Manuel de Sá (b. at Vila do Conde, Province Entre-Minho-e-Douro, 1530; d. at Arona, Italy, 30 December 1596) was a Portuguese Jesuit priest, theologian and exegete.

History
He distinguished himself as a student at the University of Coimbra, and at the age of fifteen joined the Society of Jesus. He soon afterward taught philosophy, first at Coimbra, and next at Gandia, where he also acted as tutor to Francis Borgia, then Duke of Gandia, who was considering joining the Jesuit Order.
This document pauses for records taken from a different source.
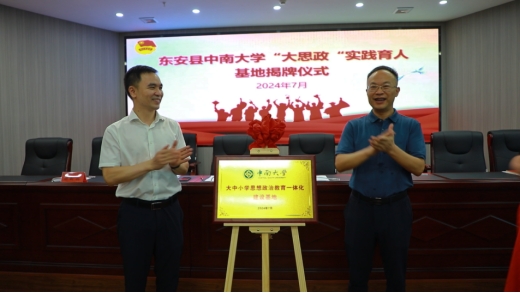 在东安县设立“大思政”实践育人基地,是推动形成“资源共享、优势互补”校地融合新格局的有益探索,希望校地双方持续深化合作、优化组织互动,为培养高素质人才“架梯搭桥”。
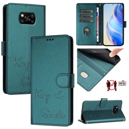 Funda de Cuero Rfid con Relieve Sonriente para Xiaomi Poco X3 / X3 Nfc / X3 Pro (Verde Pavo Real)
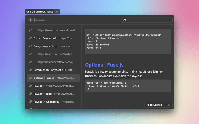 Obsidian Bookmarks lets you use Raycast and Obsidian as a place to manage your bookmarks.
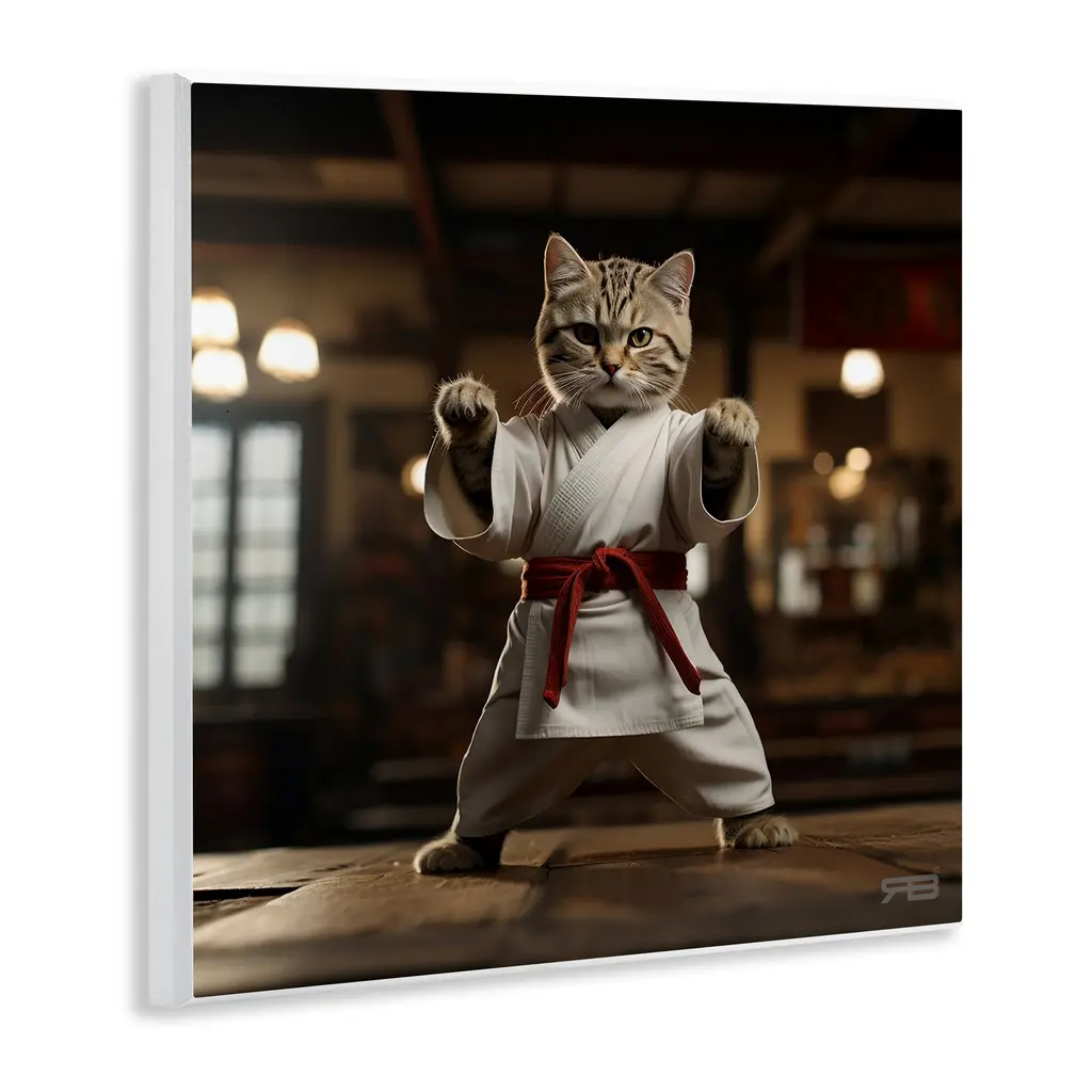 Our wall plaques start as high-quality lithograph prints mounted on durable 0.5-inch thick MDF wood. Each piece is hand finished and comes with a fresh layer of white foil on the sides to give it a crisp, clean look. Plaques arrive ready to hang without installation and come with removable plastic corners to keep them from damage in transit. Stupell Wall Art is made in the USA.Features: Dimensions: 12 x 0.5 x 12 InchesWall Art is Ready to Hang with Hardware Free Hanging. No installation required. For Easy Set Up Lean or Layer Artwork on Shelf or Against Wall.All of our wall plaques start off as high quality lithograph prints that are then mounted on durable 0.5 inch thick MDF wood. Each piece is hand finished and comes with a fresh layer of foil on the sides to give it a crisp clean look. Made In USA.Artwork Relates To: Martial Arts, Sport, Karate, Animal, Cat, Mammal, Pet, Judo, Kitten, ExerciseDesign by Roozbeh Bahramali
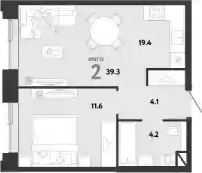 39.3 м2
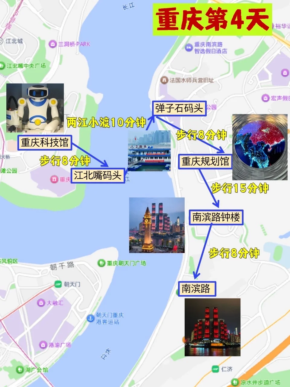 第4️⃣天:重庆科技馆——江北嘴码头——弹子石码头——重庆规划展览馆——南滨路钟楼——南滨路
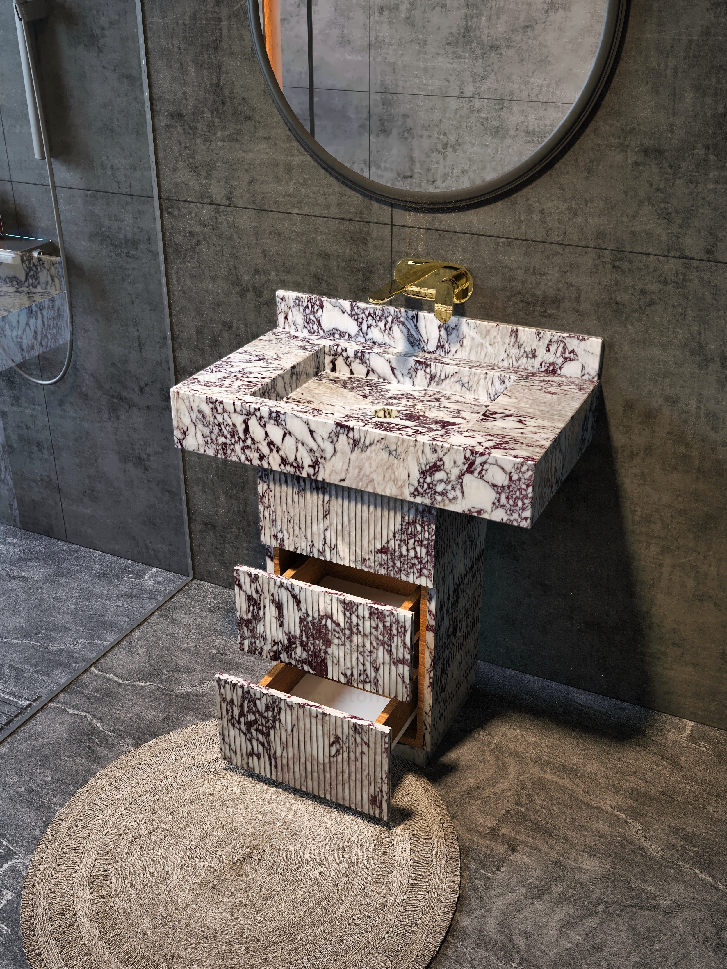Calacatta Viola Marble Bathroom Vanity with Marble Drawers
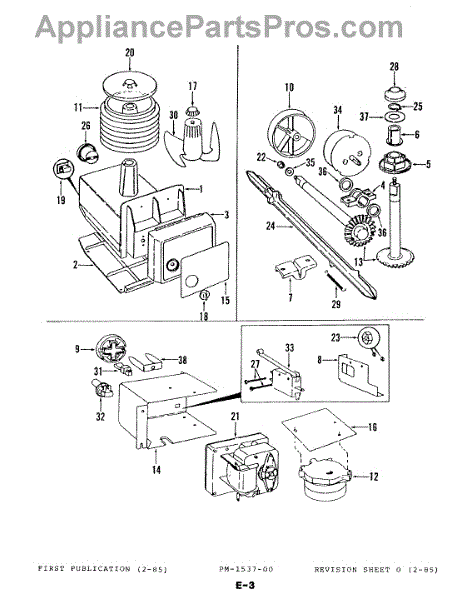 This factory screw secures appliance components to their mounting points. Replace missing, worn, or stripped hardware to restore a tight fit, proper alignment, and quieter operation across the affected assembly.

In 1557, he became one of the early professors of the Roman College, and commented for two years on the prophecies of prophet Osee and the Summa of Thomas Aquinas. Exhausted by his labours, he discontinued his lectures, and visited the houses of the Society in Tuscany. Restored to health, he returned to the Roman College, where he filled the chair of exegesis, and found time to give missions.

His reputation for scholarship induced Pope Pius V to appoint him as a member of the commission in charge of preparing the authentic edition of the Septuagint. This did not prevent him from continuing his apostolic labours and from founding several houses of his order in Upper Italy. After residing for a time at Genoa, he withdrew to the professed house of Arona (Diocese of Milan), where he died.

Works
His exegetical works are: "Scholia in Quatuor Evangelia" (Antwerp, 1596), and "Notationes in totam Scripturam Sacram" (Antwerp, 1598), both of which passed through several editions.

However short, Sá's annotations clearly set forth the literal sense of Holy Writ, and bespeak a solid erudition, despite a few inaccuracies which have been sharply rebuked by Protestant critics.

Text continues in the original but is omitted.